Once you have read the listing, write it all out exactly.

----------------------------------------

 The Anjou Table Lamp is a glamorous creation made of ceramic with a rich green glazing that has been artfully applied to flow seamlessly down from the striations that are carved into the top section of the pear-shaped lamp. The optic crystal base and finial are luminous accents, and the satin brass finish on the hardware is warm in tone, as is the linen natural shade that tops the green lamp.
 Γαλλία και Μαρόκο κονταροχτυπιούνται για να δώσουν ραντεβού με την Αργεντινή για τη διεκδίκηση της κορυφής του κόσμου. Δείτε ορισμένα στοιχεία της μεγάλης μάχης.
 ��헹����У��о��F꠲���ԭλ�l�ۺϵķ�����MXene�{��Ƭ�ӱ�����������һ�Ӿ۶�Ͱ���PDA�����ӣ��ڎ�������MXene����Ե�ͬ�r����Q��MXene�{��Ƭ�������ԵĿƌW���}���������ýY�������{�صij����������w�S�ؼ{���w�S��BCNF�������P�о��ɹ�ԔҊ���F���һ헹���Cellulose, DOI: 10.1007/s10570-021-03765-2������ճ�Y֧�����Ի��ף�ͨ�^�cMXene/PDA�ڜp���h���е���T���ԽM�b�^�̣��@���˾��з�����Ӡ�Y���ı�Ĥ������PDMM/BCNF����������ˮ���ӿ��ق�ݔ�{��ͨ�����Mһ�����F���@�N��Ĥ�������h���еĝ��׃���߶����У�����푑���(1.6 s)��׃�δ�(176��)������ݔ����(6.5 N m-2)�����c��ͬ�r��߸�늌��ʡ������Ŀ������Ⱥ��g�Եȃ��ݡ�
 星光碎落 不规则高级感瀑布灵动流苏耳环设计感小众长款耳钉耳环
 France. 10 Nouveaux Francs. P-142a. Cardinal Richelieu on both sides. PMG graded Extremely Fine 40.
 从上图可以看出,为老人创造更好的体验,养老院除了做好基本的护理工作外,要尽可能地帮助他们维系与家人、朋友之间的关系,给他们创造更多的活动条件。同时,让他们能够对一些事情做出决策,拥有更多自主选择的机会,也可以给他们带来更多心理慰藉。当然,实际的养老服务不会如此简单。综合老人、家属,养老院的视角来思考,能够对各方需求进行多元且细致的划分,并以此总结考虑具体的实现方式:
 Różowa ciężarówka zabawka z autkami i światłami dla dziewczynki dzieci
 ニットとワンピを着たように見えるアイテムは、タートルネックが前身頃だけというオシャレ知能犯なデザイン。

----------------------------------------

### [Task solution]
 The Anjou Table Lamp is a glamorous creation made of ceramic with a rich green glazing that has been artfully applied to flow seamlessly down from the striations that are carved into the top section of the pear-shaped lamp. The optic crystal base and finial are luminous accents, and the satin brass finish on the hardware is warm in tone, as is the linen natural shade that tops the green lamp.
 Γαλλία και Μαρόκο κονταροχτυπιούνται για να δώσουν ραντεβού με την Αργεντινή για τη διεκδίκηση της κορυφής του κόσμου. Δείτε ορισμένα στοιχεία της μεγάλης μάχης.
 ��헹����У��о��F꠲���ԭλ�l�ۺϵķ�����MXene�{��Ƭ�ӱ�����������һ�Ӿ۶�Ͱ���PDA�����ӣ��ڎ�������MXene����Ե�ͬ�r����Q��MXene�{��Ƭ�������ԵĿƌW���}���������ýY�������{�صij����������w�S�ؼ{���w�S��BCNF�������P�о��ɹ�ԔҊ���F���һ헹���Cellulose, DOI: 10.1007/s10570-021-03765-2������ճ�Y֧�����Ի��ף�ͨ�^�cMXene/PDA�ڜp���h���е���T���ԽM�b�^�̣��@���˾��з�����Ӡ�Y���ı�Ĥ������PDMM/BCNF����������ˮ���ӿ��ق�ݔ�{��ͨ�����Mһ�����F���@�N��Ĥ�������h���еĝ��׃���߶����У�����푑���(1.6 s)��׃�δ�(176��)������ݔ����(6.5 N m-2)�����c��ͬ�r��߸�늌��ʡ������Ŀ������Ⱥ��g�Եȃ��ݡ�
 星光碎落 不规则高级感瀑布灵动流苏耳环设计感小众长款耳钉耳环
 France. 10 Nouveaux Francs. P-142a. Cardinal Richelieu on both sides. PMG graded Extremely Fine 40.
 从上图可以看出,为老人创造更好的体验,养老院除了做好基本的护理工作外,要尽可能地帮助他们维系与家人、朋友之间的关系,给他们创造更多的活动条件。同时,让他们能够对一些事情做出决策,拥有更多自主选择的机会,也可以给他们带来更多心理慰藉。当然,实际的养老服务不会如此简单。综合老人、家属,养老院的视角来思考,能够对各方需求进行多元且细致的划分,并以此总结考虑具体的实现方式:
 Różowa ciężarówka zabawka z autkami i światłami dla dziewczynki dzieci
 ニットとワンピを着たように見えるアイテムは、タートルネックが前身頃だけというオシャレ知能犯なデザイン。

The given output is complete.